Fig. 5 displays the TPR profiles of the fresh Ru-based catalysts. The broad peak in the range of 400–700 °C is attributed to the reduction of functional groups on the support. For the fresh Ru/SAC catalyst, it exhibits the peak at 183 °C together with a shoulder at 291 °C, which is attributed to the reduction of RuCl3 and RuO2, respectively.13,14,17,46 For the Ru/SAC-N catalysts, the two peaks shift to higher temperature and the peak intensity around 295 °C becomes stronger, with the maximum peak intensity corresponding to Ru/SAC-N700. The results suggesting that the N-dopants strengthen the interaction between the supports and RuO2 and RuCl3 species.
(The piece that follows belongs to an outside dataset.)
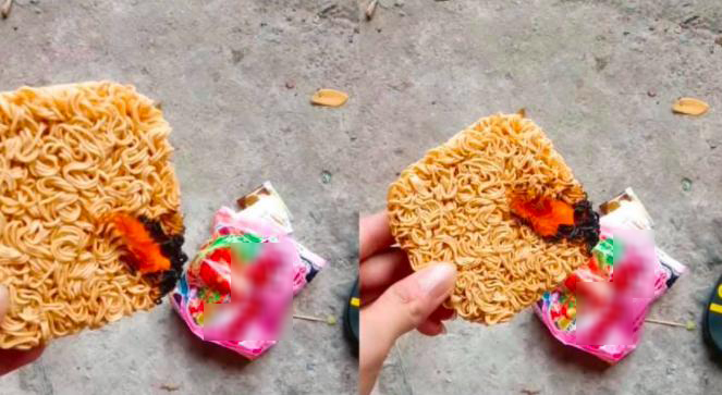Đ.ốt mì ăn liền để chứng minh có nhựa bên trong là trào lưu gây xôn xao cho dân mạng. (Ảnh: Chụp màn hình)

image file: c5ra23112d-f5.tif
Fig. 5 H2 TPR profiles of fresh catalysts: (a) Ru/SAC, (b) Ru/SAC-N600, (c) Ru/SAC-N700, (d) Ru/SAC-N800.
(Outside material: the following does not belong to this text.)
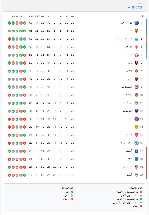 ترتيب الدوري الفرنسي بعد فوز باريس سان جيرمان على نيس

TPD is an effective technique to study the effects of N-dopants on the adsorption properties of reactants and the product on the Ru-based catalysts. Fig. 6 displays the C2H2, HCl and C2H3Cl TPD profiles of the Ru/SAC and Ru/SAC-N700. The peak area indicates the adsorption capacity and the desorption temperature reflects the adsorption strength. As shown in Fig. 6a, the HCl desorption temperature is 150 °C on Ru/SAC, 159 °C on Ru/SAC-N700, and the adsorption capacity of HCl on Ru/SAC-N700 is much larger than that on Ru/SAC. For another reactant C2H2, the catalyst Ru/SAC-N700 also shows larger adsorption capacity, comparing with Ru/SAC (Fig. 6b). The trend of TPD profile for the product C2H3Cl is opposite with that of C2H2 and HCl, i.e., the adsorption capacity for C2H3Cl on Ru/SAC-N700 is smaller than that on Ru/SAC (Fig. 6c). Therefore, N-dopants can enhance the adsorption of reactants and the desorption of the product, consequently results in higher catalytic activity of Ru/SAC-N700.


image file: c5ra23112d-f6.tif
Fig. 6 TPD profiles of the catalysts: (a) HCl-TPD, (b) C2H2-TPD, (c) C2H3Cl-TPD.
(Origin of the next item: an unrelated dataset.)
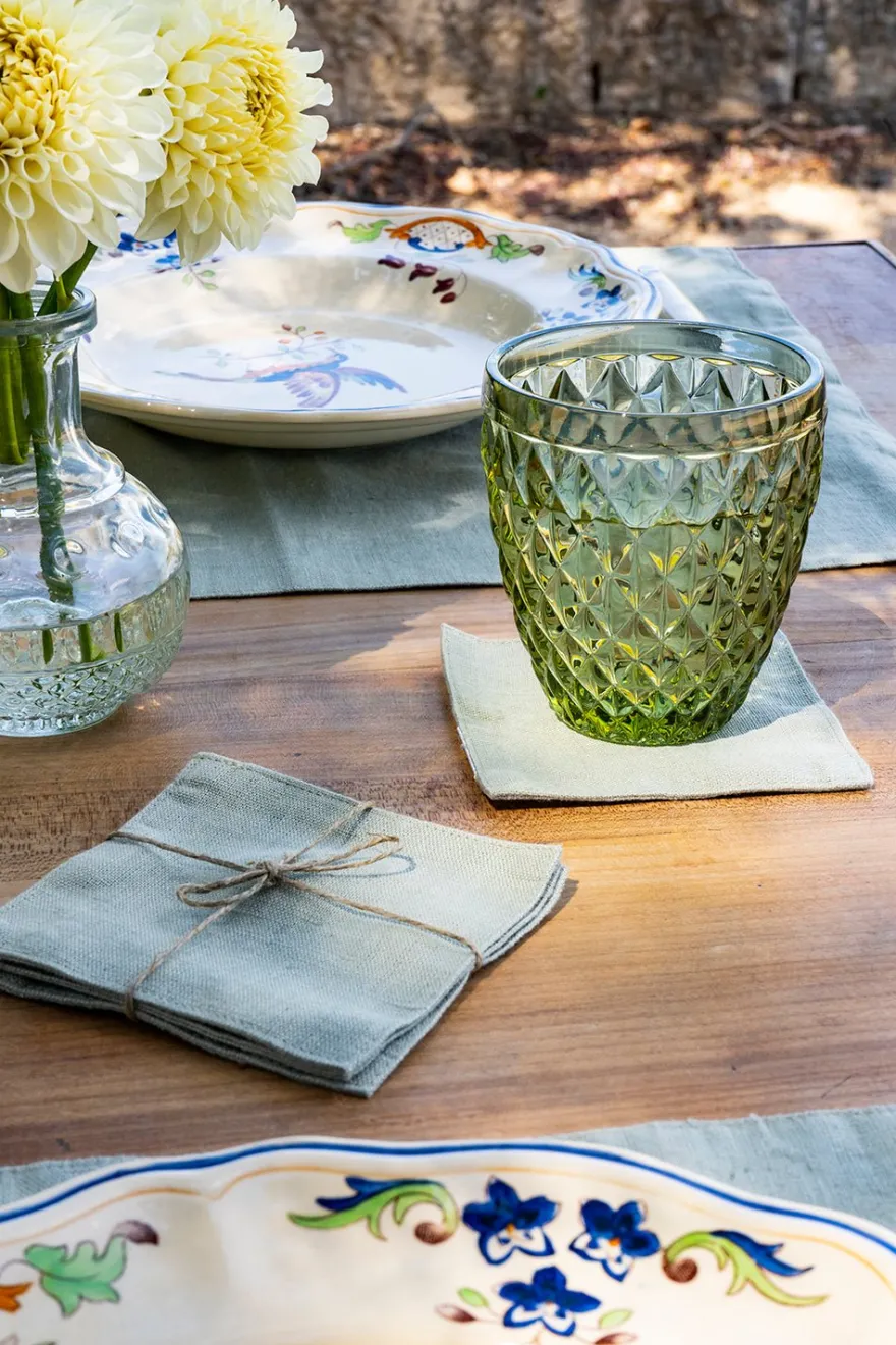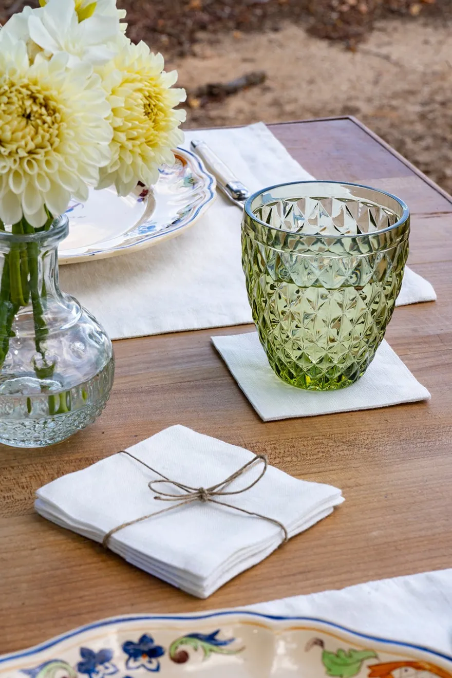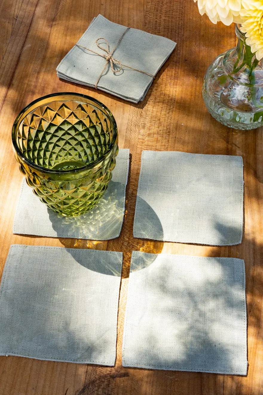 Set de cuatro posavasos de lino hechos a mano, disponible en una amplia gama de colores, que le dará un aspecto fresco, elegante y lujoso a tu mesa. Se pueden usar a diario o para una gran celebración.

Further, TG was used to evaluate the degree of coke deposition on the surface of Ru-based catalysts. As shown in Fig. S6, both fresh and used catalysts have a slight weight loss before 100 °C, owing to water desorption. In the range of 100–400 °C, the used catalysts exhibit an obvious weight loss (5.0%). When the temperature exceeds 400 °C, the fresh and used catalysts rapidly decrease in weight because the combustion of activated carbon. Taking into account the carbon support can lose its weight by reacting with oxygen in air to produce CO2, the coke deposition is calculated by the difference of weight loss of the fresh and used catalyst in the temperature range of 100–400 °C.47–49 Based on this method, the coke deposition of the catalysts is calculated and listed in Table 6.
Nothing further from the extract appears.